Murray Hendel, vice chairman of the Tourist Development Council, is pushing for the new committee. The TDC _ the county’s advisory board on tourism matters _ expects to select the committee at its monthly meeting later this month. “This business of tourism is extremely important to us. So anything we can do to update and tweak those ordinances that are in place and make them better is really important,” said Donna Fiala, chairwoman of the Collier County Commission and the TDC.
The new committee would operate as a subcommittee of the TDC. That way, county commissioners don’t have to approve the committee or appoint its members, which could take three or four months, Hendel explained.

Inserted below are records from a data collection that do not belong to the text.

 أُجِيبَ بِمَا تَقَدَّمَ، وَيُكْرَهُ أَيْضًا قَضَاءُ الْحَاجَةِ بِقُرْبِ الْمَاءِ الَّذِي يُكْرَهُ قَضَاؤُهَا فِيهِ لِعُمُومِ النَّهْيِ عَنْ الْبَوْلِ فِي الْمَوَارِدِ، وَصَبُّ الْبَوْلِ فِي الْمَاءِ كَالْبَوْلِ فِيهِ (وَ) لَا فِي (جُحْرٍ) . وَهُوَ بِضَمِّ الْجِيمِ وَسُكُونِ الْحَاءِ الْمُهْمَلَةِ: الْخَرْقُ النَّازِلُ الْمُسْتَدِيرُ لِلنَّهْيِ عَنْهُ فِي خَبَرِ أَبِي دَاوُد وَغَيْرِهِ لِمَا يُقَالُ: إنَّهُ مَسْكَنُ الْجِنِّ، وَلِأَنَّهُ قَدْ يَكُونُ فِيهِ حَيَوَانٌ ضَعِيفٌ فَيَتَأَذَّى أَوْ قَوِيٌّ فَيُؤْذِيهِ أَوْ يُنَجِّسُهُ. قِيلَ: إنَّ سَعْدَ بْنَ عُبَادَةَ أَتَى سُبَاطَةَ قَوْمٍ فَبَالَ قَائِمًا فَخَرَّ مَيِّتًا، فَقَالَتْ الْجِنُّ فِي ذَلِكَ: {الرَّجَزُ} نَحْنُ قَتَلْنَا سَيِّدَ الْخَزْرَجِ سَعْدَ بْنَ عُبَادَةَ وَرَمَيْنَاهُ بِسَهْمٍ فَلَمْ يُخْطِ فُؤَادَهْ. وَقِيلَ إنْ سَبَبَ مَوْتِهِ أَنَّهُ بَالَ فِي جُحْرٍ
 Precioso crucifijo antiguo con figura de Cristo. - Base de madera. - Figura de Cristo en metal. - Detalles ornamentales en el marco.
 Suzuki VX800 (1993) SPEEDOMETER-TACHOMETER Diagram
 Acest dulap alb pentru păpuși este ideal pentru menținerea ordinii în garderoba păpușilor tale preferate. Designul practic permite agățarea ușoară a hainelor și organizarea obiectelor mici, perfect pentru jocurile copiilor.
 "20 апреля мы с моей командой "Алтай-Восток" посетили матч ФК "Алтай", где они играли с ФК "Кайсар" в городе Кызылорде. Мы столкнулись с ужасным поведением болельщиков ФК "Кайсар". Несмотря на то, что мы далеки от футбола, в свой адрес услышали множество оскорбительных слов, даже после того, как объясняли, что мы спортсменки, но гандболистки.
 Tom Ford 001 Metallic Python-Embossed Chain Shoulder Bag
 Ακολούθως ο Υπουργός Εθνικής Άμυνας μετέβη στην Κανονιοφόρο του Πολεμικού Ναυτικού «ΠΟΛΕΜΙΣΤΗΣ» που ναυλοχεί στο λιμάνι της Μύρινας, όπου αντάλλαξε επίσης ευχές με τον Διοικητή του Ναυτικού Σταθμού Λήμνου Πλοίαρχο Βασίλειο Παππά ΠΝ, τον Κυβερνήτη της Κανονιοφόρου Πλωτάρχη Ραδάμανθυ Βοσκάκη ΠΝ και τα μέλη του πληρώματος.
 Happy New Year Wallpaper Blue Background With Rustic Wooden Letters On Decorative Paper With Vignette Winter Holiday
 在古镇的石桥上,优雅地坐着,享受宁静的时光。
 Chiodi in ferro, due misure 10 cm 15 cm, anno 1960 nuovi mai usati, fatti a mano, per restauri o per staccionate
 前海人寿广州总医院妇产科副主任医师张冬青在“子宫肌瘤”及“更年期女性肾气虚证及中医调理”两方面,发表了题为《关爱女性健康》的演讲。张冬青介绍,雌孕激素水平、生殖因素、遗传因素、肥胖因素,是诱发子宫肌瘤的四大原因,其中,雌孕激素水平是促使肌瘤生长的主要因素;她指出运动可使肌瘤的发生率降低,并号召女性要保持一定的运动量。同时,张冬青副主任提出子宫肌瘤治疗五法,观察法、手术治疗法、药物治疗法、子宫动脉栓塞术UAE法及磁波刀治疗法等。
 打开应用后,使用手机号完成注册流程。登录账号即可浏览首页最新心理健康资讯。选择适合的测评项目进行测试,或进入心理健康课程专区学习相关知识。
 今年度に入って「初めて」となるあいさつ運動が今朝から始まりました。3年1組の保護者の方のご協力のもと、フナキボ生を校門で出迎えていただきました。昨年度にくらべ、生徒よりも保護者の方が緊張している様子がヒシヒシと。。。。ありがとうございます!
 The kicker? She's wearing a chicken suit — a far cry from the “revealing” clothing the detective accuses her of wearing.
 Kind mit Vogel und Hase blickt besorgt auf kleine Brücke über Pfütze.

Hendel wants to move quickly, as the tourism industry continues to struggle in a bad economy.
“I think it’s just appropriate,” he said. “All the indications are that hotels are down. Hotels are losing bookings and it’s a dire situation right now.”
The subcommittee would hold public hearings to get input from tourism and other business and community leaders.
TDC members unanimously supported the idea at their last council meeting a few weeks ago.
“We want to analyze and take a look at everything,” Hendel said.
Everything includes the amount of the tourist tax. There’s a 4 percent charge on hotel stays and other short-term rentals in Collier County. Hendel said part of the discussion may be to consider an increase. Tax collections are expected to be less this year in Collier because tourism is down.
“Lee County collects 5 percent,” Hendel said. “One of the questions I’ve been asked by people is, ‘Why don’t we equate with Lee County?’”
He also expects a discussion about how the tourist tax dollars are split up. Besides tourism marketing, the tax supports museums and other local attractions and events, and helps pay for beach improvements.
“I’m not saying there is going to be a different way,” Hendel said. “But I think it’s healthy once in a while to review this.”
He said discussions could also include the role of the bureau and other agencies, such as the local chambers of commerce, in tourism marketing.
“All I’m trying to do is maximize the positive impact of tourism,” Hendel said.